Hopkins was also a loner. He would work with only one or two other bandmates, or just by himself. He preferred to be the focal point, and here he showed his nastier side. He would deliberately change the timing as soon as his band got used to a certain tempo or rhythm — in part to keep them from launching any ambitious solo efforts. Oftentimes, Hopkins would not rehearse, and the haphazard adjustments he made with every new performance made it nearly impossible to follow along while accompanying him.

Despite all these things — or, perhaps, because of them — Hopkins’s style is indelible. He made songs up impromptu, and hardly ever sang them the same way twice. His guitar playing was not easily mimicked: he changed it at whim and did not stick to any particular structure or chord style. He rambled through most of his concerts, telling stories that were at times incomprehensible, thanks to his drinking and thick Southern accent. And yet his performances thrilled his audiences.
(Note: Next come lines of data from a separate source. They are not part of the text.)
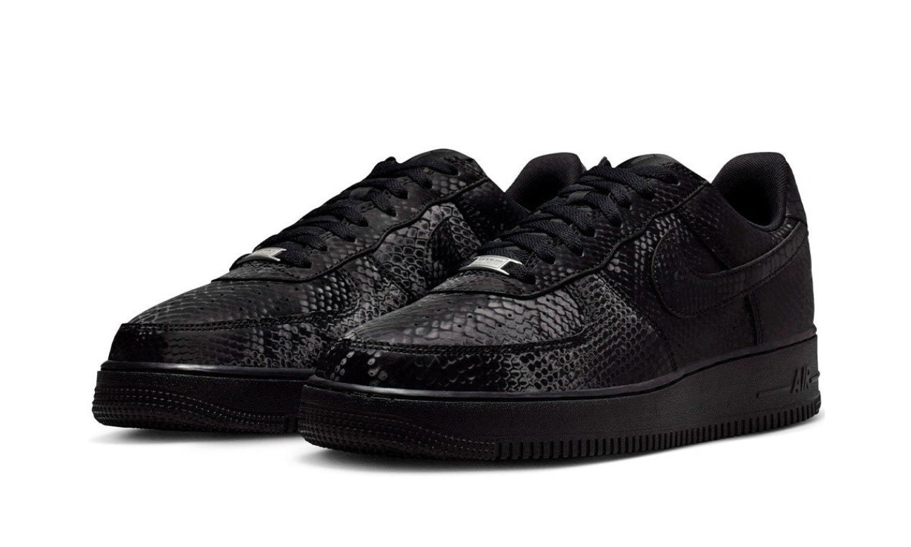 El Kobe Bryant x Nike Air Force 1 Low “Black” rinde homenaje al legado del Black Mamba con una silueta que refleja su intensidad y elegancia. Fabricado en cuero negro con acabado de piel de serpiente, este modelo captura el espíritu competitivo que definió a Kobe dentro y fuera de la cancha.
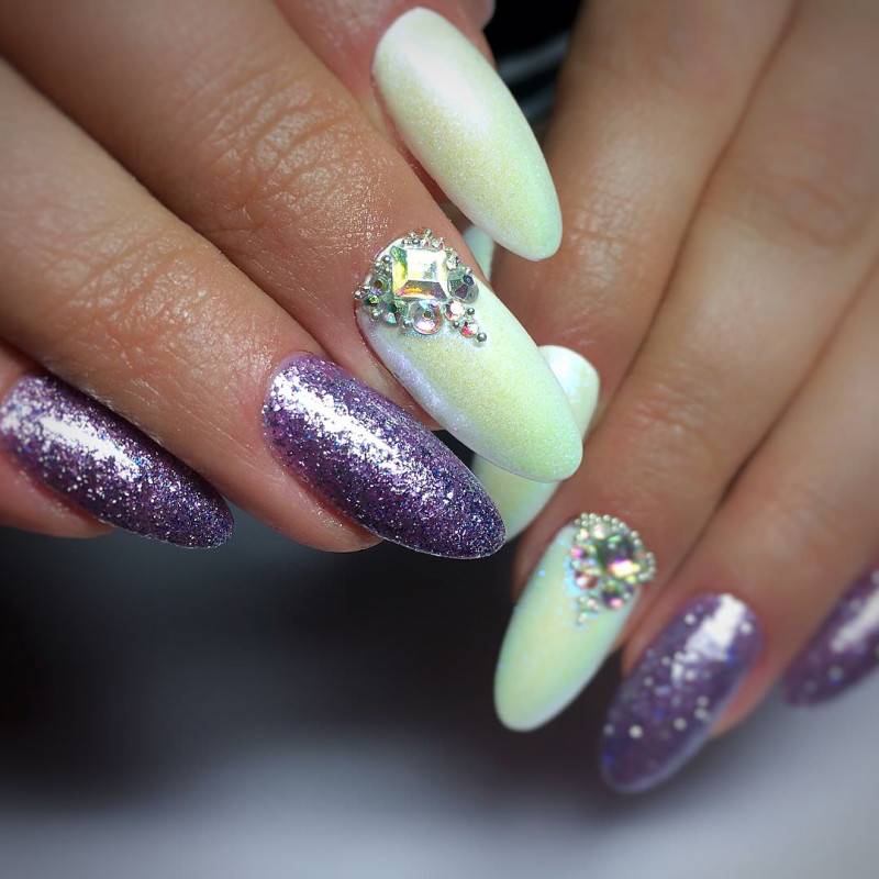 Стразы и блестки – соседство, которое всегда выручало девушек, желающих создать шикарный дизайн ногтей. Разнообразие материала настолько огромно, что каждая модница найдет блестки под себя. Не бойтесь добавлять в свои нейл-арты блестки, стразы и камни. При грамотном исполнении такой маникюр будет выглядеть удивительно красиво и стильно.
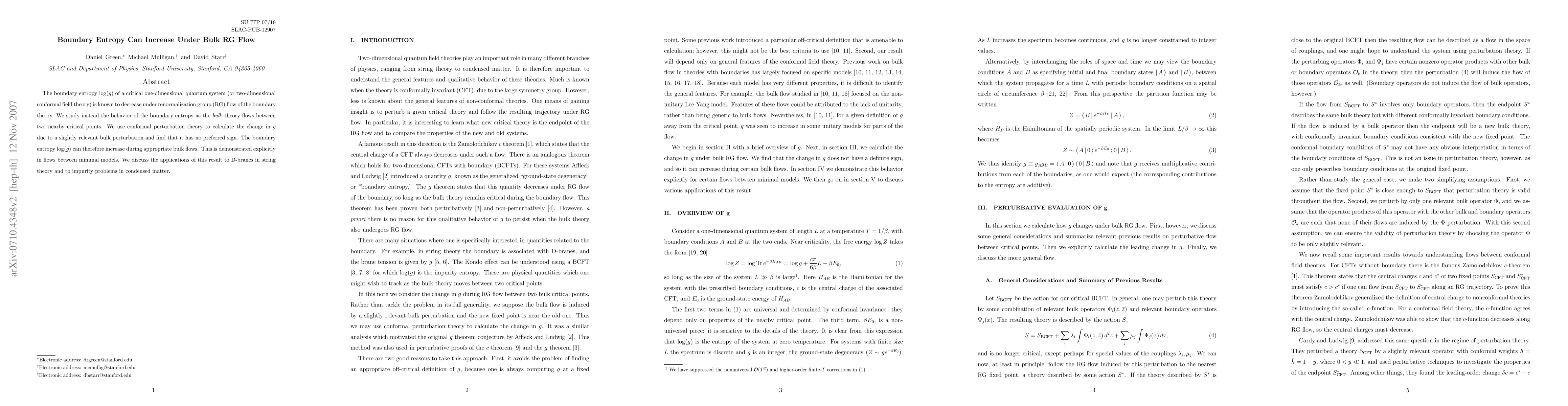 The boundary entropy log(g) in critical one-dimensional quantum systems can increase under bulk renormalization group flows, contrary to typical boundary theory flows, as shown using conformal perturbation theory in minimal models. This counterintuitive result has implications for D-branes in string theory and impurity problems in condensed matter physics.

Hopkins sang, in typical blues fashion, about women (short-haired ones, cheating ones, drunk ones). But his songs also had things to say about everything from work, to road trips, to politics. He often improvised lyrics, such as this freestyle take on astronaut John Glenn’s first orbit of the earth:

People always said this morning
With this on their mind
Said ain’t no livin’ man go around the world three times
But John Glenn done it

The main issue I had with Mojo Hand was the connection the authors imply between Hopkins’s illiteracy and his approach to business. Hopkins rarely signed contracts, and when he did he drew an “X” in place of his signature. He also preferred to be paid up front, in cash rather than royalties. Did Hopkins do these things just because he couldn’t read? The authors briefly mention the suspect business practices of music publishers back then, but they do not elaborate on how these practices often pushed musicians into destitution while the companies made money even long after their deaths. Royalties and publishing rights were rarely honored in those days, and many popular musicians were paid poverty wages for their work. These problems were rampant and well known in the blues and jazz worlds. Operating in a white-dominated industry, Hopkins clearly developed his own survival techniques.

The authors also could have dealt more with Hopkins’s influence on the generations of artists who came after him. Some of his fans included Ringo Starr, Stevie Ray Vaughan, Jimmie Vaughan, Johnny Winter, B.B. King, John Lee Hooker, Muddy Waters, Elvis Presley, and ZZ Top. How did Hopkins’s work inspire them?

Mojo Hand gives us some tantalizing details about a pioneering but private blues legend who, two decades after his death, remains an enigma. An alcoholic, an insatiable artist, and an understatedly temperamental man, Hopkins wound up becoming one of the greats, hailed by scholars as the “embodiment of the jazz-and-poetry spirit, representing its ancient form in the single creator whose words and music are one act.”  In the end, though, this biography is just a sketch of the complex man Hopkins was, a troubled artist with a life that, just like his songs, cannot be fully translated to the printed page. Perhaps that’s what Hopkins would have preferred.

Olupero R. Aiyenimelo is a freelance writer, poet, and lyricist based in Los Angeles.